Dutch - Chinchilla - now 2nd try @ 2nd showing
English Angoras - Broken - now 2nd try @ 2nd showing
Jersey Wooly - Orange - now 2nd try @ 2nd showing
Jersey Wooly - Fawn - ??? failed their last try
Jersey Wooly - Chocolate Otter - now 2nd try @ 1st showing
Jersey Wooly - Lilac Otter - now 2nd try @ 1st showing 
Netherland Dwarf - Blue Tort - now 2nd try @ 3rd showing - failed on condition
Netherland Dwarf - Red - now 2nd try @ 1st showing
Mini Satin - Californian - now ??? failed their last try
Mini Satin - Steel Tipped Gold - ??? failed their last try
Mini Satin - Tort - now 2nd try @ 1st showing
New Zealand - Blue - now ??? failed their last try
Silver Fox - Chocolate - now 2nd try @ 1st showing
Velveteen Lop - now ??? failed their last try.

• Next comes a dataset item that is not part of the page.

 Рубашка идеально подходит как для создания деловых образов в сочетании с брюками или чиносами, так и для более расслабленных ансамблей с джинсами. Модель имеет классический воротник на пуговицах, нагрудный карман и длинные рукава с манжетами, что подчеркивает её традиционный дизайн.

Feel free to post updates as you get them. Reasons for failing are welcome too!


----------



## GorbyJobRabbits (Nov 10, 2010)

damnit I had hoped velveteens would pass.


----------



## TinysMom (Nov 10, 2010)

*Shaded Night Rabbitry wrote: *


> PASSED
> 
> 
> *Lionhead - Black - now 1st try @ 2nd showing
> ...


Not sure what you mean by your descriptions - so I'll add a bit.

Lionheads were first shown by Arden Wetzel but when he failed the final time - the presentation rights passed on to Gail Gibbons. She presented the last two years (I think?) - but passed on the presentation rights after last year's ARBA convention so that the right to present would go to Theresa Mueller.

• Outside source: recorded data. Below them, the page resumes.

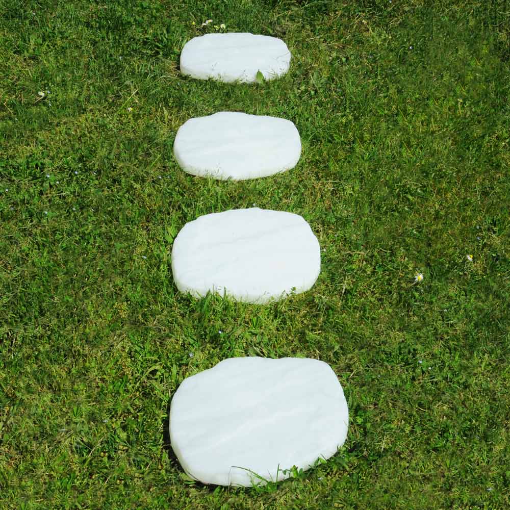 Shenjat e hapave të kopshtit në formë guri me të cilët mund të vizatoni shtigje në kopsht që janë të dukshme edhe gjatë natës. Ai i reziston temperaturave të larta dhe të ulëta, goditjeve të dhunshme, rrezeve ultravjollcë, si dhe të gjitha llojeve të motit dhe ruan formën e tij të paprekur me kalimin e kohës. E disponueshme në versionin fluo white ose fluo blu . Pigmentimi i veçantë fluoreshent bën që pllaka të grumbullojë dritë natyrale dhe artificiale gjatë ditës dhe gradualisht ta lëshojë atë gjatë natës, duke prodhuar një shkëlqim magjik deri në mëngjes. Pigmenti fluoreshent është jo toksik dhe plotësisht i padëmshëm për shëndetin. Çdo paketë përmban 4 copë.
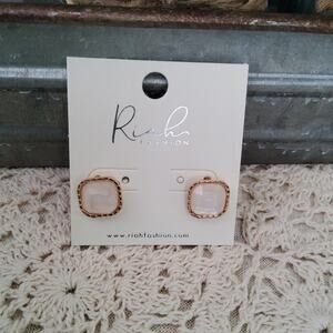 Style: authentic homaica marble, pearlescent champagne white color, stud earrings, lightweight, gold tone
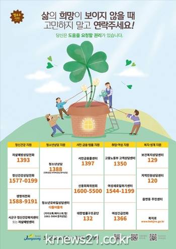 이에 장성군보건소는 자살예방상담전화(1393) 안내 현수막 게첨 및 및 ‘도움기관정보’ 포스터 배부 등을 통해 자살 예방 홍보활동을 강화하고 있다. 읍·면 보건지소에 생명지킴이 양성 교육을 실시해 자살 위기자를 발굴할 수 있는 역량도 강화할 방침이다. 또한 자살 고위험군 군민을 대상으로 지속적인 안부 확인과 상담 등 밀착관리를 실시한다.
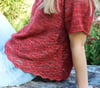 A simple raglan tee knit top down and seamlessly with an increasing garter lace panel on one side. Edges are finished with a reverse stockinette roll. The lace inset gives a slight A-line shape without increases. The amount of positive ease can vary from just a little to several inches. This is an easy knit that works up quickly!

Originally - Bob Whitman would have been next in line to present after Gail - but he stopped breeding lionheads about 5 years ago and let ARBA know he was dropping his COD. Unfortunately, Bob also passed away in 2009....

So Theresa is on her first attempt - but she is the third presenter of lionheads.

If she passes them in the next 2-4 years - following her to present their lionheads only switching to a "color" COD (Certificate of Development) are:

Dawn Guth
Lynne Schultz
Lee Nevills
Regina Mayhugh
Anita Moore
& Marilyn Stevens.

Kim Croak was a COD holder in line after Anita Moore - but she was tragically killed earlier this year in an auto accident.


----------



## TinysMom (Nov 10, 2010)

Also want to add an update to the lionheads.

If Theresa gets them passed - ALL of those COD holders that I mention can present the following year towards their colors. They do not have to wait in line any longer because the lionheads will be a recognized breed.


----------



## Shaded Night Rabbitry (Nov 10, 2010)

What I meant by the 1st try @ 2nd showing is how it reads. ;D

Next convention she'll be attempting her first try at their second showing under her COD. You are correct, and I should have bunched it to Lionheads - black, rew, tort, but it was easier for me to write it out, especially with the whole Rew's failed then passed deal. ;D


----------



## TinysMom (Nov 10, 2010)

gotcha - sorry I misunderstood!


----------



## TinysMom (Nov 10, 2010)

BTW - If I remember right - up until this year - to pass you had to get EVERYONE on the committee voting "yes". I could be wrong - but I remember one year when someone failed because they had one "no".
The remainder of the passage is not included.